KINERJA EMITEN: Rugi SSIA Membengkak Jadi Rp122,90 miliar pada Semester I/2020

Ilustrasi (Foto: Freepik)

Like

Emiten properti PT Surya Semesta Internusa Tbk. (SSIA) mencetak pendapatan sebesar Rp1,46 triliun pada semester I/2020.

Berdasarkan laporan keuangan yang diterbitkan perseroan, SSIA mengalami penurunan pendapatan dibandingkan periode tahun lalu Rp1,81 triliun. Adapun beban pokok pendapatan SSIA tercatat sebesar Rp1,21 triliun.

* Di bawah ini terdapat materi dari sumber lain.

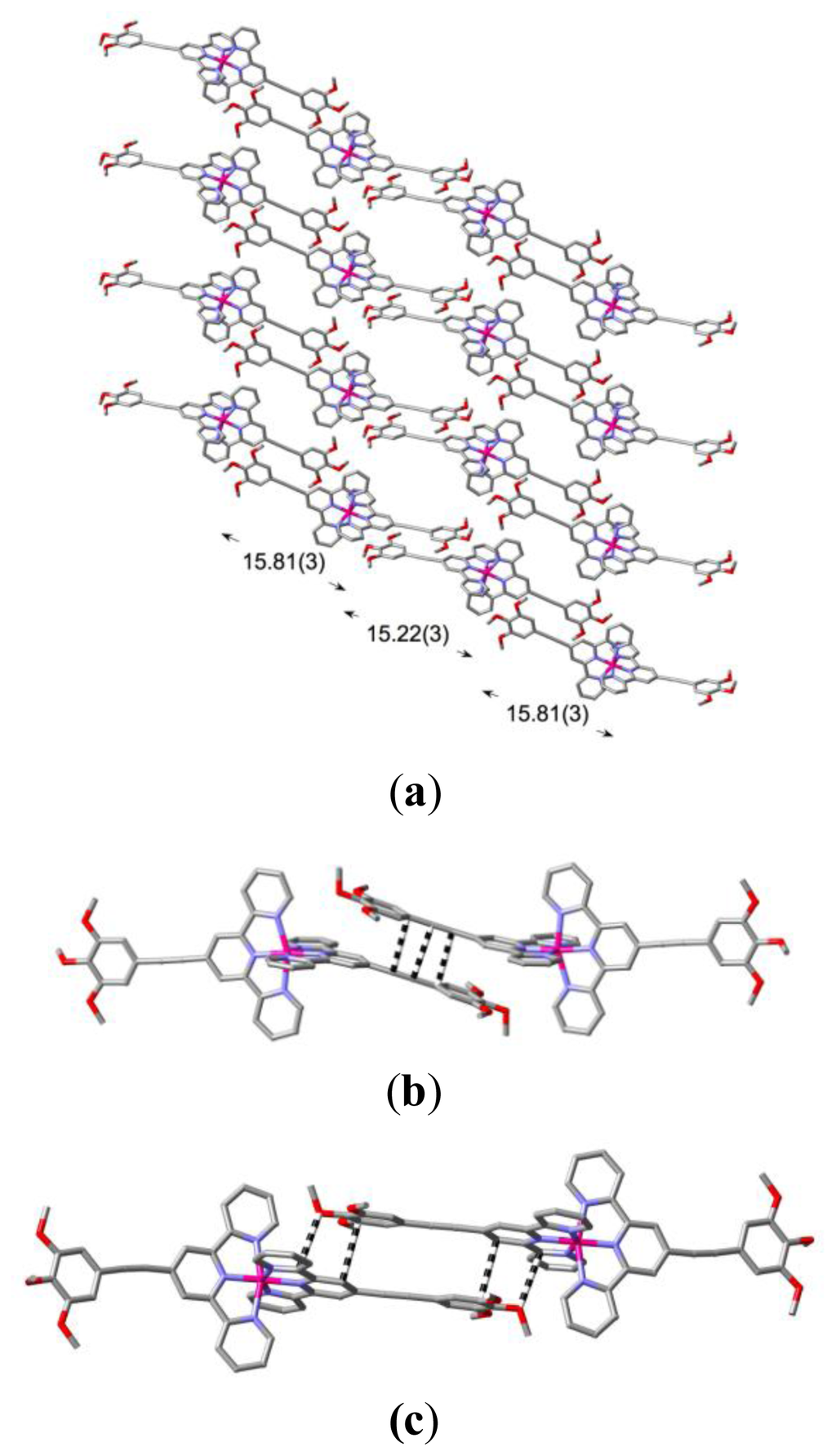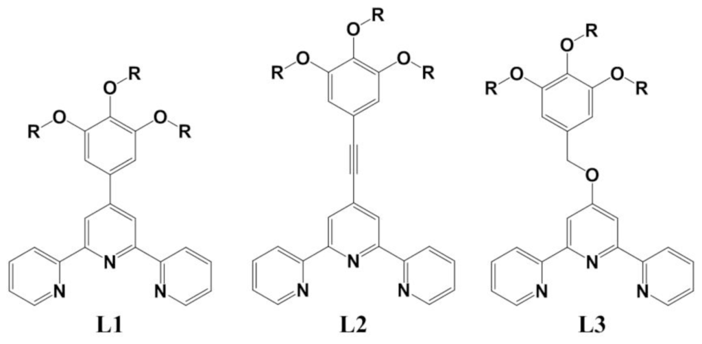 The effectiveness of 2, 2,2′;6′,2″-terpyridine as a ligand and the variety of functionality which may be introduced through substitution on this core [1] have engendered intense interest in the coordination chemistry and possible applications of this ligand and its derivatives [2]. One aspect of this chemistry which has been a particular concern of the present authors and their collaborators is the induction of mesomorphic behaviour in Co(II) and Fe(II) complexes as a means of controlling their magnetic properties involving “spin crossover” [3,4]. Very recently, it has been shown that the Co(II) complex of ligand L1 (Figure 1; R = C16H33), for example, undergoes a high-spin to low-spin change in magnetism which is triggered by a crystal- to-mesophase transition [5]. In this case, as in many others, [6] the introduction of a gallate- like substituent with three hexadecyloxy groups at the 4′ position of terpyridine proved sufficient to induce mesomorphism, here in the Co(II) complex as its tetrafluoroborate salt, while the analogous complex with short methoxy substituents showed only a single crystalline phase. Nonetheless, since liquid crystal behaviour in general is determined not only by interactions involving flexible alkyl-chain units but also by those involving more rigid units such as aromatic rings [7], the crystal structure [5] of this non-mesomorphic complex was of interest for its use in defining modes of interaction between core groups of the complex which could presumably influence the behaviour of the mesomorphic species. An interesting feature of the lattice of the complex was the loss of the “terpyridine embrace” [8,9] ascribed to aromatic–aromatic interactions [8–10] and which is a striking feature of the lattice of most M(II) complexes of unsubstituted terpyridine, although its loss may well be common to most such complexes of terpyridines with large substituents [11]. To explore further the role of a 3,4,5-trimethoxyphenyl substituent in determining the labile interactions of metal complexes of 4′-substituted terpyridine, we have structurally characterised not only other metal ion complexes of L1 but also various metal ion complexes of the related ligands L2 and L3 (Figure 1) and report the essential aspects of this work herein. The nature of the link between the terpyridine and trimethoxyphenyl units has proven to be of some significance.

Emiten properti itu mencatatkan penambahan beban keuangan dari posisi Rp75,03 miliar menjadi Rp100 miliar. Hal ini menyebabkan rugi sebelum pajak emiten itu naik menjadi Rp119,68 miliar dari posisi Rp75,03 miliar.

Setelah dikurangi pajak dan lain-lain, seperti dikutip dari Bisnis.com, SSIA mengalami kerugian Rp122,90 miliar naik dari posisi tahun sebelumnya Rp33,85 miliar. Begitu juga dengan rugi per saham menjadi Rp26,91 naik dari level Rp7,28.

Selain itu, SSIA tercatat memiliki total liabilitas Rp3,50 triliun. Liabilitas jangka pendek menyumbang Rp1,63 triliun dan jangka panjang Rp1,87  triliun. Total aset perseroan mencapai Rp7,82 triliun dengan aset lancar Rp3,44 triliun dan aset tidak lancar Rp4,37 triliun.


Sebelumnya, Investor Relation Surya Semesta Internusa Erlin Budiman mengatakan kondisi itu kini mulai pulih sejak kenormalan baru mulai ditetapkan.

Meski tidak memberikan angka detail mengenai okupansi kamar, Erlin mengatakan sudah ada perbaikan dibandingkan ketika saat operasional ditutup.

"Sebelumnya hotel kami tutup kemudian pada bulan Juni sudah buka. Namun, belum kembali normal okupansi kamar hanya saja ada peningkatan dari minggu ke minggu," katanya kepada Bisnis pada Rabu (15/7/2020).

Menurutnya secara perlahan kamar-kamar hotel mulai terisi. Sebagai informasi, emiten berkode saham SSIA itu memiliki 3 jaringan hotel yakni Hotel Melia, Batiqa dan Banyan Tree Ungasan.

Dari ketiga jaringan hotel itu, Erlin mengatakan Batiqa cabang Pekanbaru dan Palembang memiliki perkembangan yang cukup baik.